**Material provided**
Start of Block

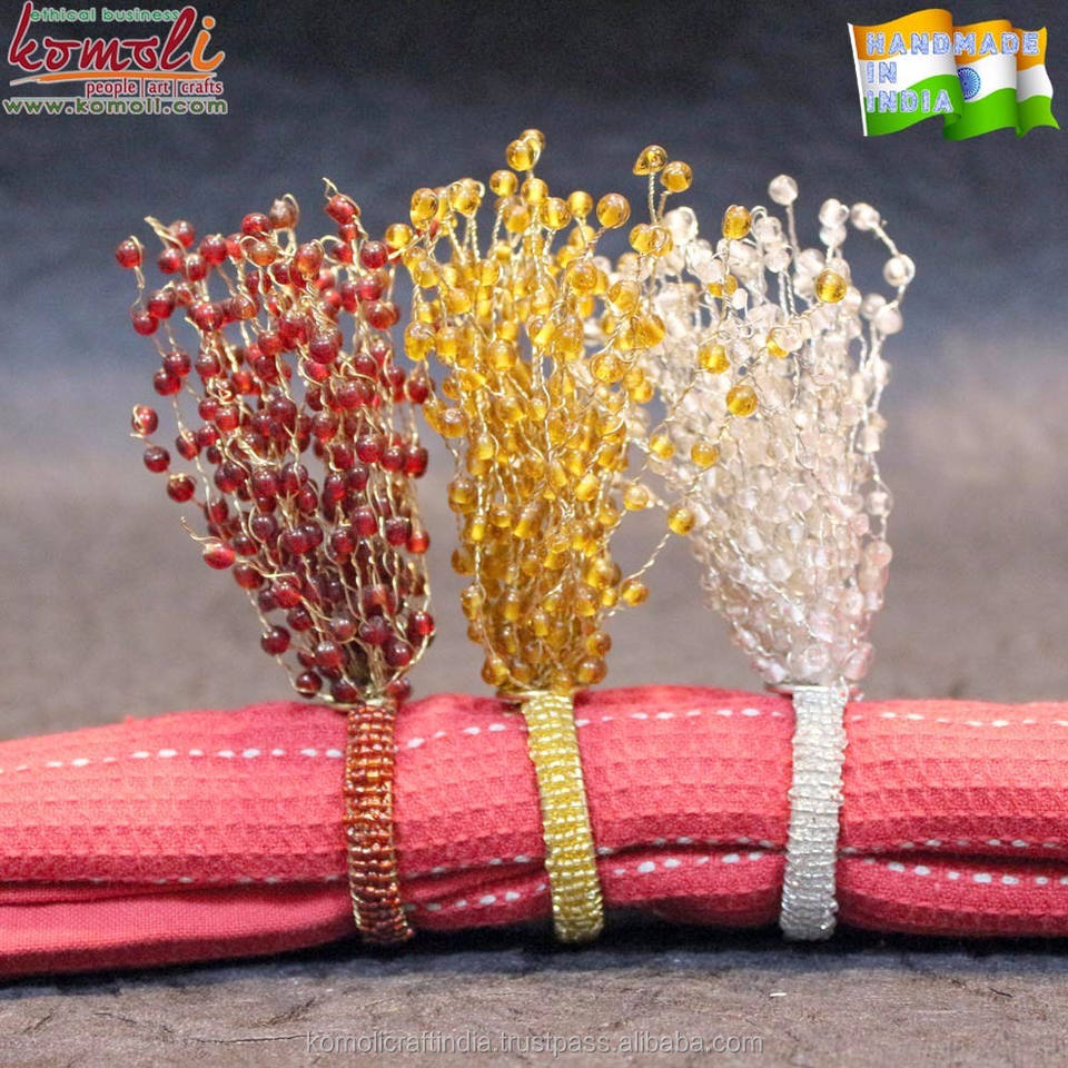 แหวนผ้าเช็ดปากลูกปัดทำด้วยมือแบบกำหนดเอง
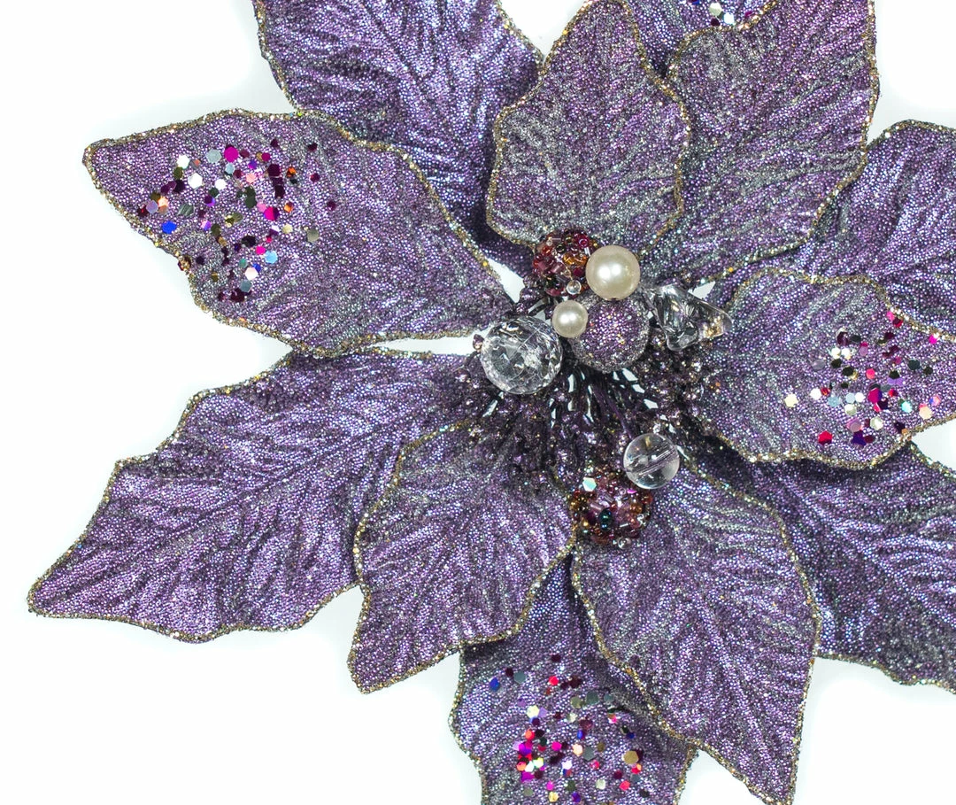 Add beauty and dimension to your tree this holiday season with this stunning glitter poinsettia stem. The soft sequined background, sparkly petals and gorgeous center makes this piece a must-have for your holiday collection.
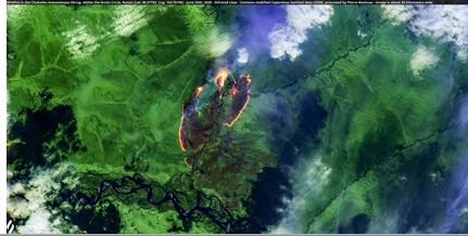 5. 俄羅斯:2020年7月17日俄羅斯位於西伯利亞的薩哈共和國,印象中冰天雪地的西伯利亞地區,連續好幾天出現動輒35℃的高溫,引發森林野火,燒毀逾1,000公頃的林地。西部濱臨黑海的港城則遭逢暴風雨侵襲,積水淹進20多棟民宅和兩條鐵路,道路交通中斷。西邊水鄉澤國,東邊西伯利亞地區則燒起森林野火,讓俄羅斯深陷水深火熱緊急狀態。2024年4月俄羅斯與哈薩克邊境遭遇數十年來最慘的洪災,異常融雪導致烏拉山 (Ural Mountains)和哈薩克創紀錄洪水,也是哈薩克80年來遭遇的最慘天災之一。2024年7月19日俄羅斯民眾在42℃陽光下,將蛋倒進平底鍋秒變熟,除俄羅斯幾乎整個歐洲近一周都籠罩在熱浪中。
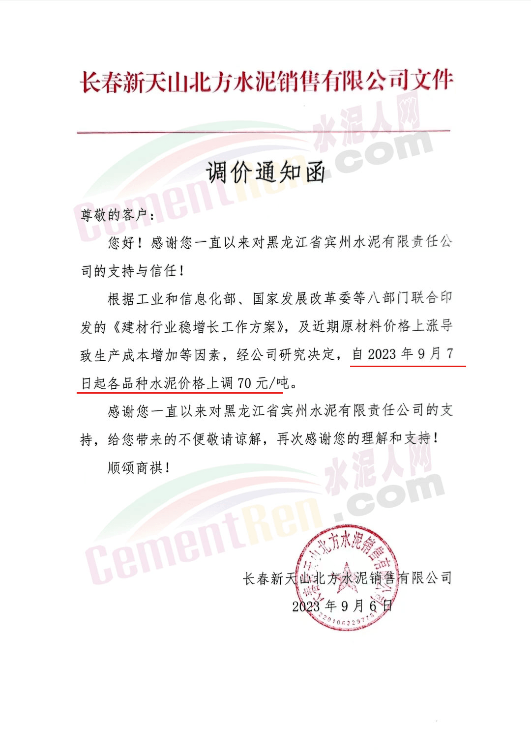 長春新天山北方水泥銷售有限公司通知,根據(jù)工業(yè)和信息化部、國家發(fā)展改革委等八部門聯(lián)合印發(fā)的《建材行業(yè)穩(wěn)增長工作方案》,及近期原材料價格上漲導(dǎo)致生產(chǎn)成本增加等因素,經(jīng)公司研究決定,自2023年9月7日起各品種水泥價格上調(diào)70元/噸。

End of Block

**What you have to do**
Give back the whole listing as it stands, minus its pictures.

**Solution**
 แหวนผ้าเช็ดปากลูกปัดทำด้วยมือแบบกำหนดเอง
 Add beauty and dimension to your tree this holiday season with this stunning glitter poinsettia stem. The soft sequined background, sparkly petals and gorgeous center makes this piece a must-have for your holiday collection.
 5. 俄羅斯:2020年7月17日俄羅斯位於西伯利亞的薩哈共和國,印象中冰天雪地的西伯利亞地區,連續好幾天出現動輒35℃的高溫,引發森林野火,燒毀逾1,000公頃的林地。西部濱臨黑海的港城則遭逢暴風雨侵襲,積水淹進20多棟民宅和兩條鐵路,道路交通中斷。西邊水鄉澤國,東邊西伯利亞地區則燒起森林野火,讓俄羅斯深陷水深火熱緊急狀態。2024年4月俄羅斯與哈薩克邊境遭遇數十年來最慘的洪災,異常融雪導致烏拉山 (Ural Mountains)和哈薩克創紀錄洪水,也是哈薩克80年來遭遇的最慘天災之一。2024年7月19日俄羅斯民眾在42℃陽光下,將蛋倒進平底鍋秒變熟,除俄羅斯幾乎整個歐洲近一周都籠罩在熱浪中。
 長春新天山北方水泥銷售有限公司通知,根據(jù)工業(yè)和信息化部、國家發(fā)展改革委等八部門聯(lián)合印發(fā)的《建材行業(yè)穩(wěn)增長工作方案》,及近期原材料價格上漲導(dǎo)致生產(chǎn)成本增加等因素,經(jīng)公司研究決定,自2023年9月7日起各品種水泥價格上調(diào)70元/噸。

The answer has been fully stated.